With the backing of Blackstone’s credit division (which committed $1 billion) and New York-based BlackRock, the world’s biggest asset manager, Amaya bought PokerStars and its sister company, Full Tilt Poker, in a $4.9 billion cash deal in August of 2014. The deal would not have been possible without Blackstone’s credit division, known on Wall Street as GSO. Amaya was a small company. In fact, when Baazov first delivered to the Scheinbergs a $3 billion commitment letter on Blackstone’s letterhead, the Scheinbergs found it necessary to verify with Blackstone that the letter was authentic. “It was like them telling me, ‘Not to say that you guys forged it, but we got to talk to them directly,’ ”. The deal was also reliant on Baazov getting banks like Deutsche Bank and Barclays to lend against online gambling assets, the first such big loan ever.

The Amaya deal for PokerStars shocked the online gambling industry. One of the biggest impacts was felt by Bwin.Party, which traditionally ran PokerStars’ biggest competitor and saw its stock plunge in the aftermath of the announcement of the deal. The stock fell so sharply in the summer of 2014 that at one point Ader considered trying to find a way for his financial firm to purchase the whole company itself while moving the board to expand its search for the right buyer. “I didn’t like how the process was being handled, I had to push 888 (Holdings) which was a perfect strategic buyer, to get invited,” says Ader.

GVC Holdings, a small and publicly-traded online gambling company that focuses on so-called gray markets where laws are unclear, made a bid in May that was at one point backed by Amaya to buy Bwin.Party. Not long after GVC jumped into the ring, 888 Holdings, a publicly-traded Gibraltar company focused on online poker and casino games and founded by two sets of Israeli brothers, launched its own bid backed by JPMorgan Chase and Barclays, as two big banks once again committed to loan money against online gambling assets.

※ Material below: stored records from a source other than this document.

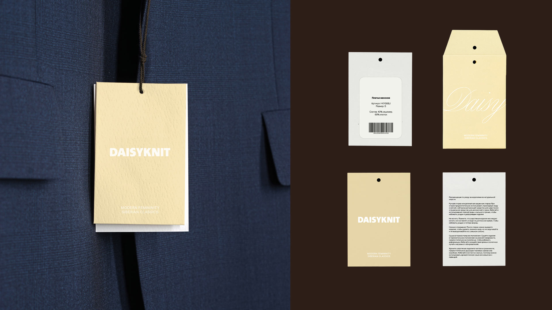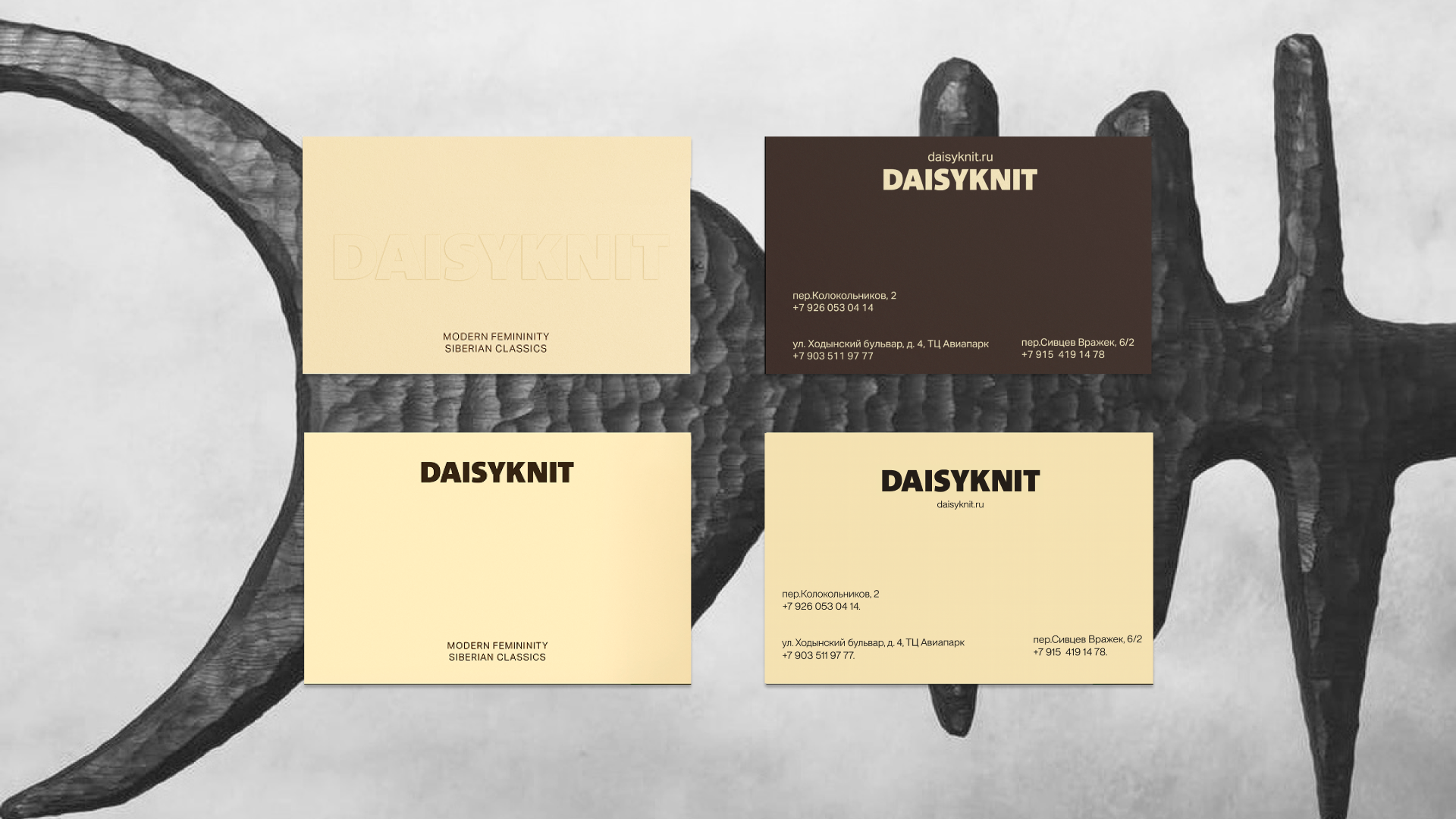 Айдентика для бренда Daisyknit вдохновлена Сибирью и её культурным наследием. Для нас было важно не просто разработать визуальный язык, но и передать атмосферу.
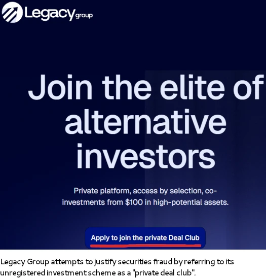 The MLM side of Legacy Group pays on recruitment of promoter investors.
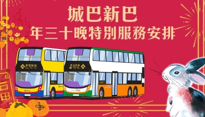 香園圍口岸自開通後一直備受市民歡迎,考慮到乘客需求持續上升,口岸於長假期間使用量高企,城巴B7X號線將於12月23日(星期六)至1月1日(星期一)間,每日提供特快服務,由上水站、不經粉嶺市中心直達香園圍口岸。由上水(新運路)開出的班次服務時間為上午10時10分至11時40分,全程車費為港幣10元正。由12月23日(星期六)起,城巴B8號線亦會加強周末服務,往返香園圍口岸與大圍站的班次,將加強至最密每10分鐘一班,方便市民及旅客。同時,通宵機場快線NA10號線將於12月23日(星期六)至1月2日(星期二)營運,接駁香港島南區至機場和港珠澳大橋香港口岸。 因應聖誔及新年各項慶祝活動,城巴將於除夕增設特別通宵路線接載顧客,亦會於密切留意顧客出行模式,按需要加強平安夜和除夕,中環、銅鑼灣和山頂一帶的巴士服務。 (完) 【編輯:陳偉根】
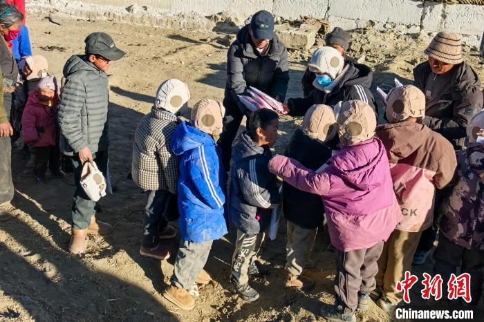 圖為1月12日,桑杰尼瑪將同事們籌款購(gòu)買的保暖帽分發(fā)給村里的孩子們。受訪者 供圖
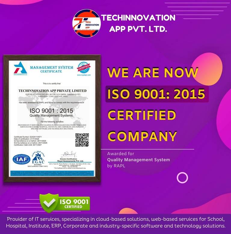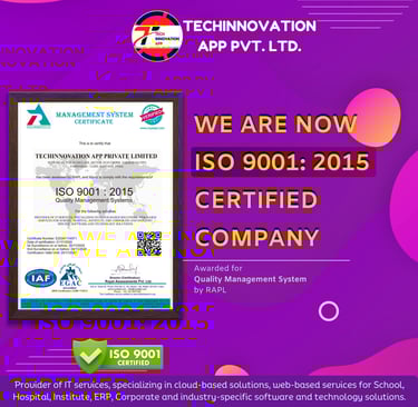 We are thrilled to announce that TechInnovation App is now an ISO 9001:2015 Certified Company! 🏆
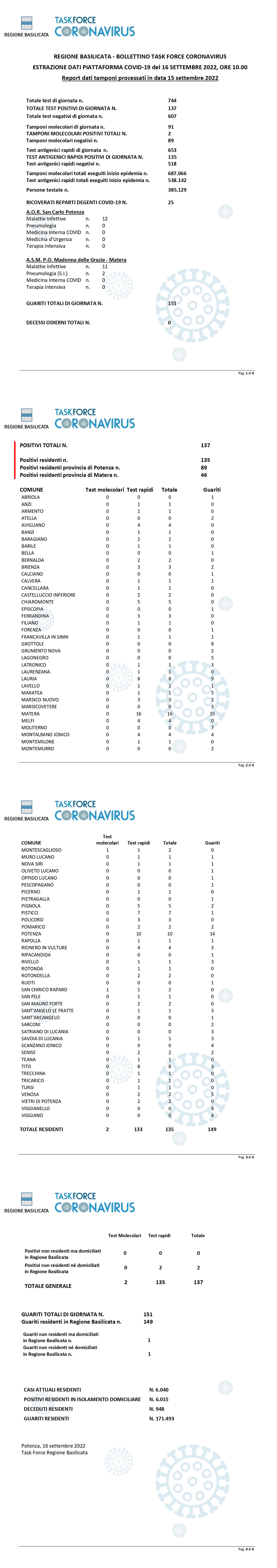 La task force regionale comunica che nella giornata di ieri 15 Settembre, sono stati processati 744 tamponi (molecolari ed antigenici) per la ricerca di contagio da Covid-19, di cui 137 sono risultati positivi.
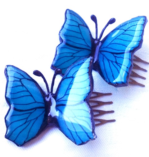 sticlă armstrong, albastră, clemă de păr din metal cu pieptene, folie de cupru, patină, lipire, adeziv super-puternic, lac de sticlă 3d, vopsea de sticlă
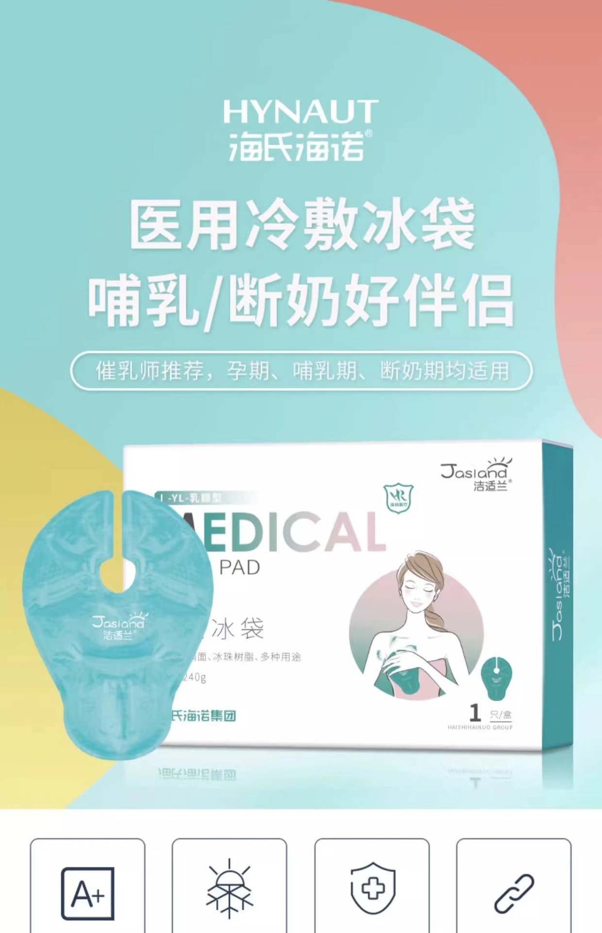 海氏海諾乳房冷パッドを貼ると、氷袋の医療用レベルが再利用できます。
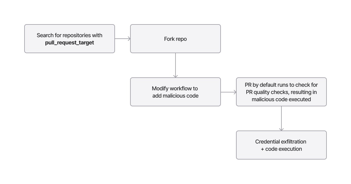 - Pwn Request - abusing a GitHub Actions vulnerability that allows workflows to run with elevated privileges regardless of the contributor’s source.
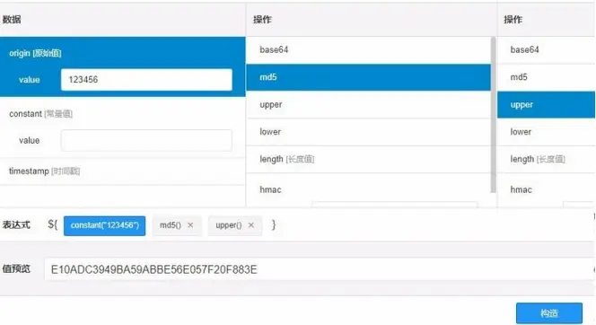 我们在表单中填写好需要处理的值之后,点击输入框右方的“表达式构造器(魔法棒)”按钮,就会弹出“参数构造器”弹框。

In July, 888 struck a deal to buy Bwin.Party for about $1.4 billion. The deal would create a serious rival for Amaya and Pokerstars, which currently dominate online poker outside of the U.S. But it’s not a done deal yet. GVC Holdings lost Amaya’s backing but gained new financial commitments from Cerberus Capital Management, billionaire Stephen Feinberg’s New York financial firm. As a result, GVC moved in August and submitted a slightly richer bid for Bwin.Party than the 888 deal, but GVC’s offer is largely a stock deal that would leave Bwin.Party shareholders holding stock in the riskier combined entity. For now, shares of Bwin.Party are up 40% in the last year. On the surface, it seems 888 is more likely to win out.

Wall Street money has not solved all of the online gambling industry’s problems. In the U.S., for example, still only three states—New Jersey, Nevada and Delaware— have regulatory regimes for online gambling and hopes that important states like California might usher in a new golden age of online gambling have so been disappointed. Even Amaya’s PokerStars has been yet unable to get back into New Jersey after just about one year of trying. There had been assumptions that such a reentry would be swift under a new Wall Street-backed ownership structure. Still, with big financial firm backing, the online gambling business looks a lot different today than it did just over a year ago.